Records from a data collection
- - - - -

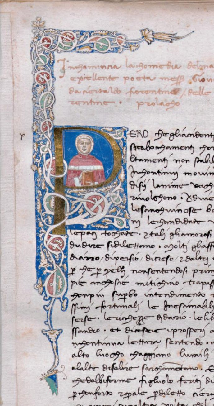 Firenze, Biblioteca Medicea Laurenziana, Plut. 41.35, f. 1r. Ritratto a mezzobusto dell'autore Giovanni Boccaccio con un libro tra le mani, all'interno dell'iniziale figurata P(erò).
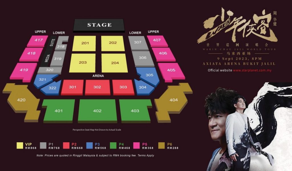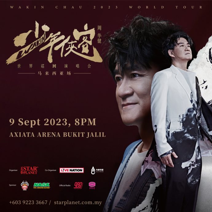 由Star Planet星艺娱乐主办,Live Nation和ACO有种传媒联办,《周华健少年侠客世界巡回马来西亚站演唱会》将于9月9日晚上8时,在吉隆坡亚通体育馆登场。门票将于6月16日下午2时公开发售,票价分为868令吉、768令吉、668令吉、568令吉、468令吉、368令吉和288令吉,更多详情,请浏览 starplanet.com.my 或拨打热线03-9223 3667查询。
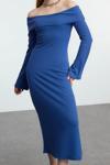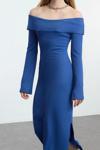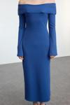 - - Kumaş Tipi:Örme - Materyal:Polyester - Kol Tipi:Düşük Kol - Kalıp:Slim - Kol Boyu:Uzun - Desen:Düz - Yaka Tipi:Carmen Yaka - Renk:Mavi - Ürün Detayı:Yırtmaçlı - Cep:Cepsiz - Astar Durumu:Astarsız - Boy:Midi - Persona:Smart - Siluet:Bodycone - Ortam:Gündüz / Gece - Dokuma Tipi:Selanik - Kemer/Kuşak Durumu:Kemersiz - Sürdürülebilirlik Detayı:Hayır - Materyal Bileşeni:100% Polyester - Yıkama Talimatı:T10 - Yaş:Tüm Yaş Grupları -
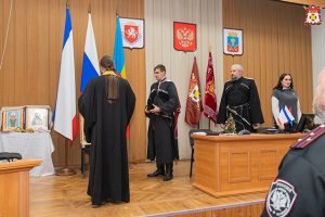 Окружной священник, духовник Крымского казачьего округа, настоятель храма Сретения Господня иерей Валерий Немчинов прочитал молитву и благословил начало работы Круга.
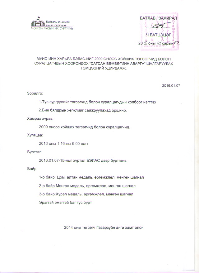 БЭЛАС-ийг 2009 оноос хойш төгсөгчид болон суралцагчдын хооронд “Сагсан бөмбөгийн аварга” шалгаруулах тэмцээний удирдамж Нийтэлсэн: Саранзаяа Сэтгэгдэл байхгүй
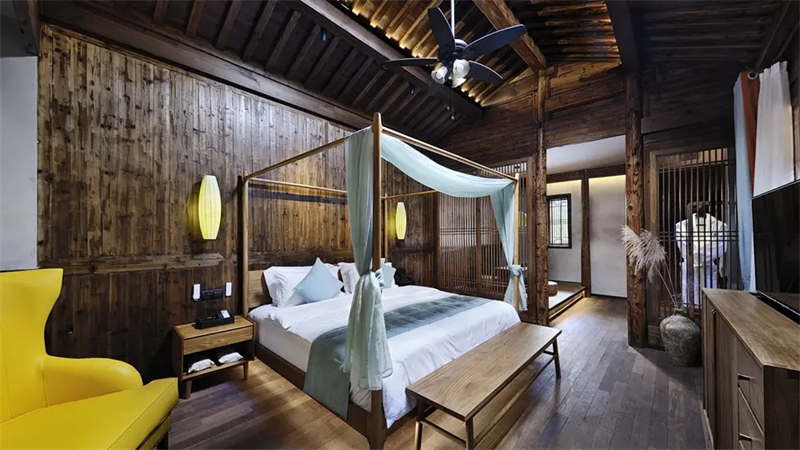 仿舊家具和藝術品的配置,也使臥室更加了時代感,總之黃山民宿設計就是化腐朽為神奇,在懷舊樸實中體現典雅的空間氣質。使整個室內空間基調散發著簡約雅致的氣質。多種風格主題的客房空間,通過巧妙地構思,將更多具有現代藝術質感的裝飾融合到黃山民宿設計空間中,從而提升民宿所表現的藝術境界。時尚簡約風的黃山民宿設計,會更容易得到年輕人的喜愛,整體簡潔大方。
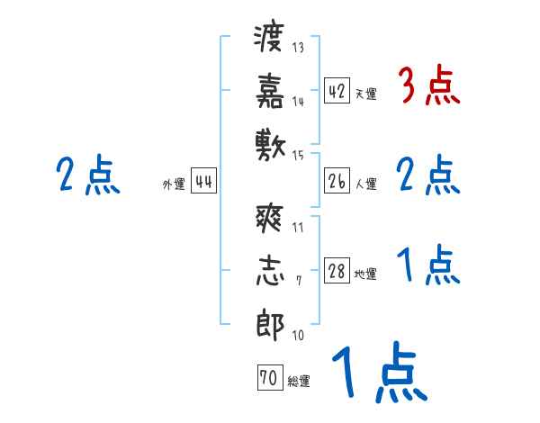 渡嘉敷爽志郎さんの画数の鑑定結果
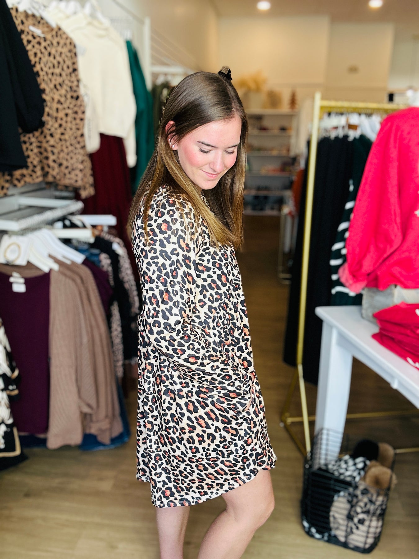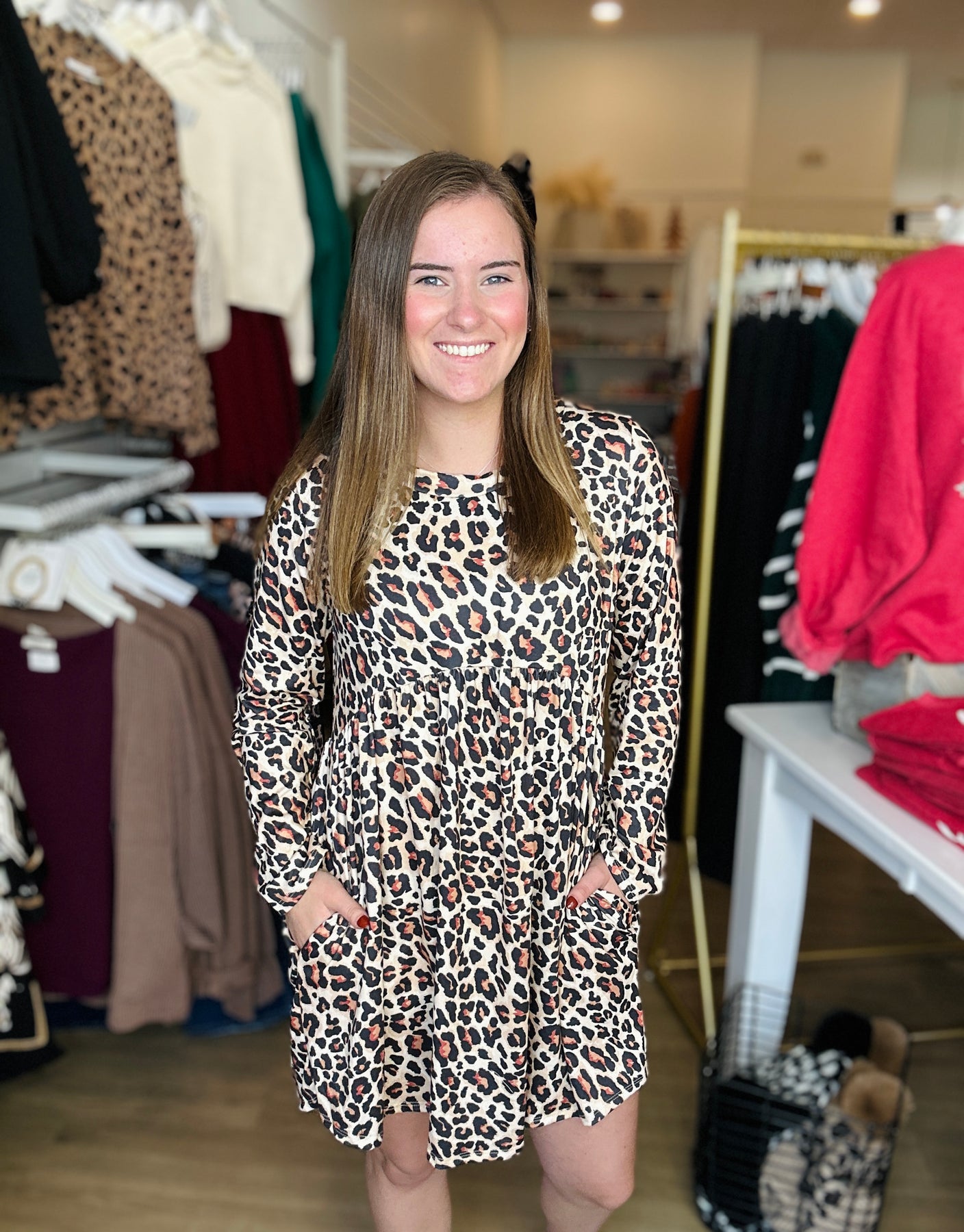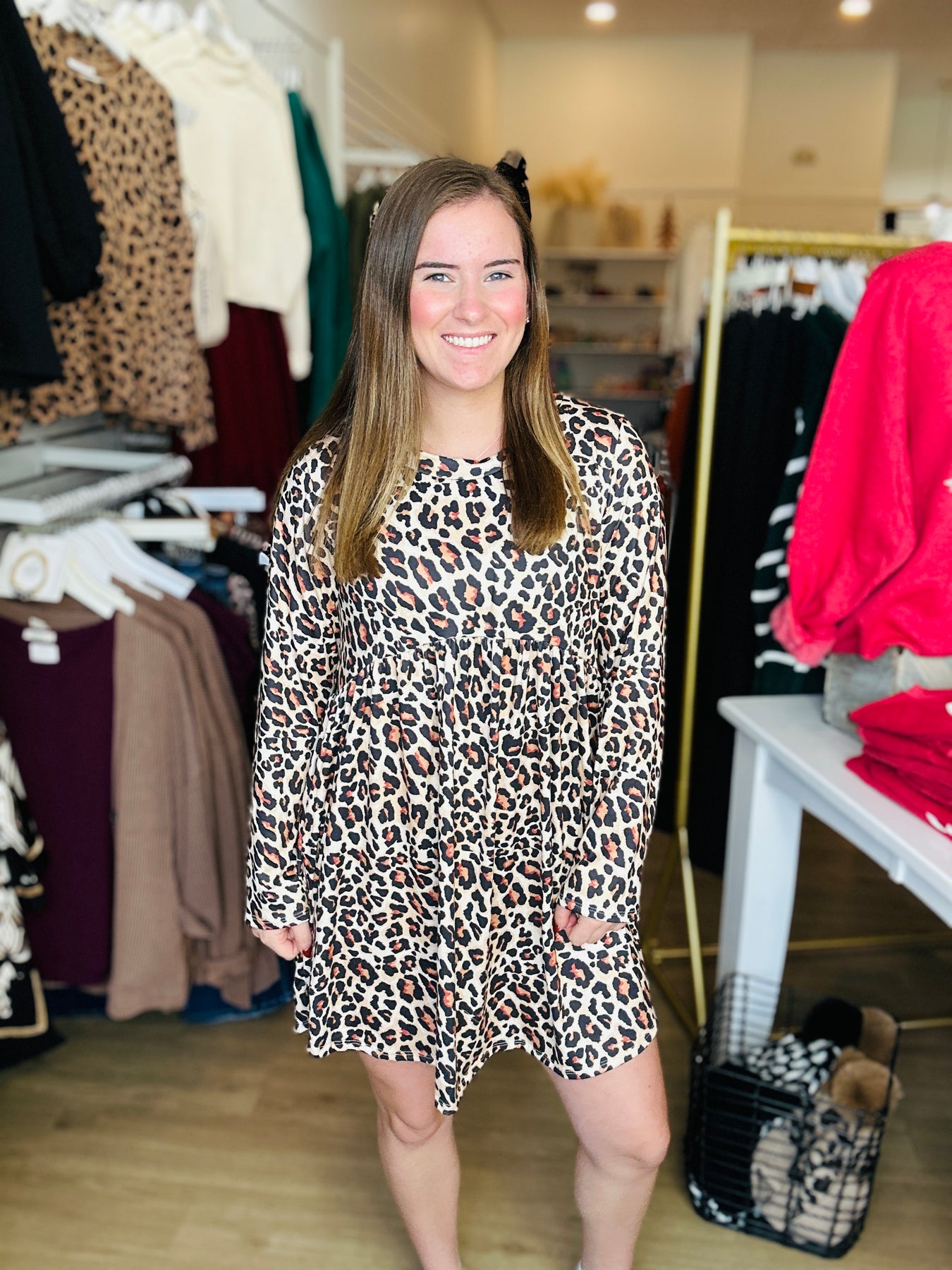 LEOPARD ANIMAL PRINT ROUND NECK LONG SLEEVE BABYDOLL FIT AND FLARE SWING KNEE LENGTH KNIT DRESS WITH SIDE POCKETS
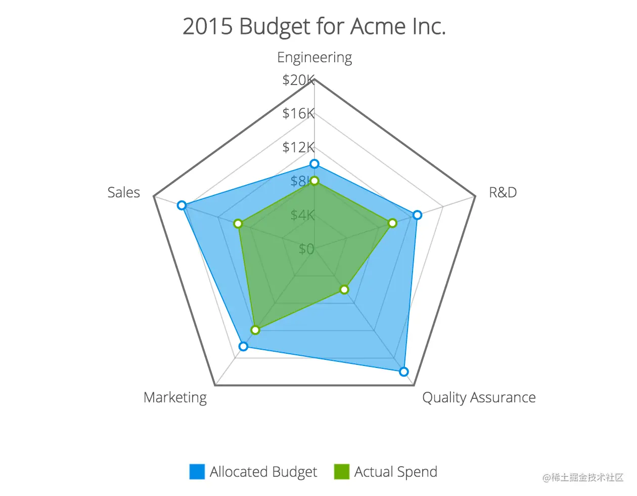 雷达图显示多个数据点或组之间的比较(至少三个)。它由几个轴组成,所有轴都来自中心的同一点(类似于蜘蛛网)。虽然这是一个非常有趣的图表,但重要的是要记住它更难阅读。由于它是以圆形方式设计的,因此与更常见的线性图表和图形类型相比,它需要额外的视觉感知。用另一种类型的图表替换它通常更容易。如果图表中的所有轴具有相同的比例,则条形图或有时棒棒糖就足够了。如果轴具有不同的比例,则最好使用平行坐标。
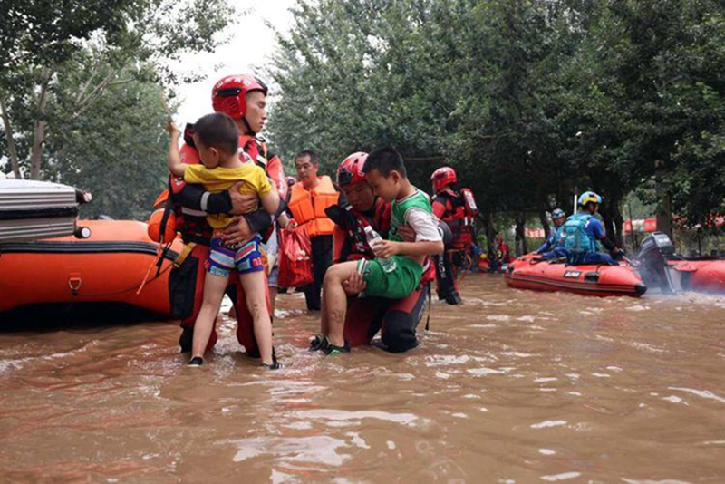 △8月3日,河北涿州北二环附近,山东消防救援人员抱着孩子通过积水路段。

- - - - -

* What to work on: Each line above should be written out again exactly, without any image.

* Completed exercise:
 Firenze, Biblioteca Medicea Laurenziana, Plut. 41.35, f. 1r. Ritratto a mezzobusto dell'autore Giovanni Boccaccio con un libro tra le mani, all'interno dell'iniziale figurata P(erò).
 由Star Planet星艺娱乐主办,Live Nation和ACO有种传媒联办,《周华健少年侠客世界巡回马来西亚站演唱会》将于9月9日晚上8时,在吉隆坡亚通体育馆登场。门票将于6月16日下午2时公开发售,票价分为868令吉、768令吉、668令吉、568令吉、468令吉、368令吉和288令吉,更多详情,请浏览 starplanet.com.my 或拨打热线03-9223 3667查询。
 - - Kumaş Tipi:Örme - Materyal:Polyester - Kol Tipi:Düşük Kol - Kalıp:Slim - Kol Boyu:Uzun - Desen:Düz - Yaka Tipi:Carmen Yaka - Renk:Mavi - Ürün Detayı:Yırtmaçlı - Cep:Cepsiz - Astar Durumu:Astarsız - Boy:Midi - Persona:Smart - Siluet:Bodycone - Ortam:Gündüz / Gece - Dokuma Tipi:Selanik - Kemer/Kuşak Durumu:Kemersiz - Sürdürülebilirlik Detayı:Hayır - Materyal Bileşeni:100% Polyester - Yıkama Talimatı:T10 - Yaş:Tüm Yaş Grupları -
 Окружной священник, духовник Крымского казачьего округа, настоятель храма Сретения Господня иерей Валерий Немчинов прочитал молитву и благословил начало работы Круга.
 БЭЛАС-ийг 2009 оноос хойш төгсөгчид болон суралцагчдын хооронд “Сагсан бөмбөгийн аварга” шалгаруулах тэмцээний удирдамж Нийтэлсэн: Саранзаяа Сэтгэгдэл байхгүй
 仿舊家具和藝術品的配置,也使臥室更加了時代感,總之黃山民宿設計就是化腐朽為神奇,在懷舊樸實中體現典雅的空間氣質。使整個室內空間基調散發著簡約雅致的氣質。多種風格主題的客房空間,通過巧妙地構思,將更多具有現代藝術質感的裝飾融合到黃山民宿設計空間中,從而提升民宿所表現的藝術境界。時尚簡約風的黃山民宿設計,會更容易得到年輕人的喜愛,整體簡潔大方。
 渡嘉敷爽志郎さんの画数の鑑定結果
 LEOPARD ANIMAL PRINT ROUND NECK LONG SLEEVE BABYDOLL FIT AND FLARE SWING KNEE LENGTH KNIT DRESS WITH SIDE POCKETS
 雷达图显示多个数据点或组之间的比较(至少三个)。它由几个轴组成,所有轴都来自中心的同一点(类似于蜘蛛网)。虽然这是一个非常有趣的图表,但重要的是要记住它更难阅读。由于它是以圆形方式设计的,因此与更常见的线性图表和图形类型相比,它需要额外的视觉感知。用另一种类型的图表替换它通常更容易。如果图表中的所有轴具有相同的比例,则条形图或有时棒棒糖就足够了。如果轴具有不同的比例,则最好使用平行坐标。
 △8月3日,河北涿州北二环附近,山东消防救援人员抱着孩子通过积水路段。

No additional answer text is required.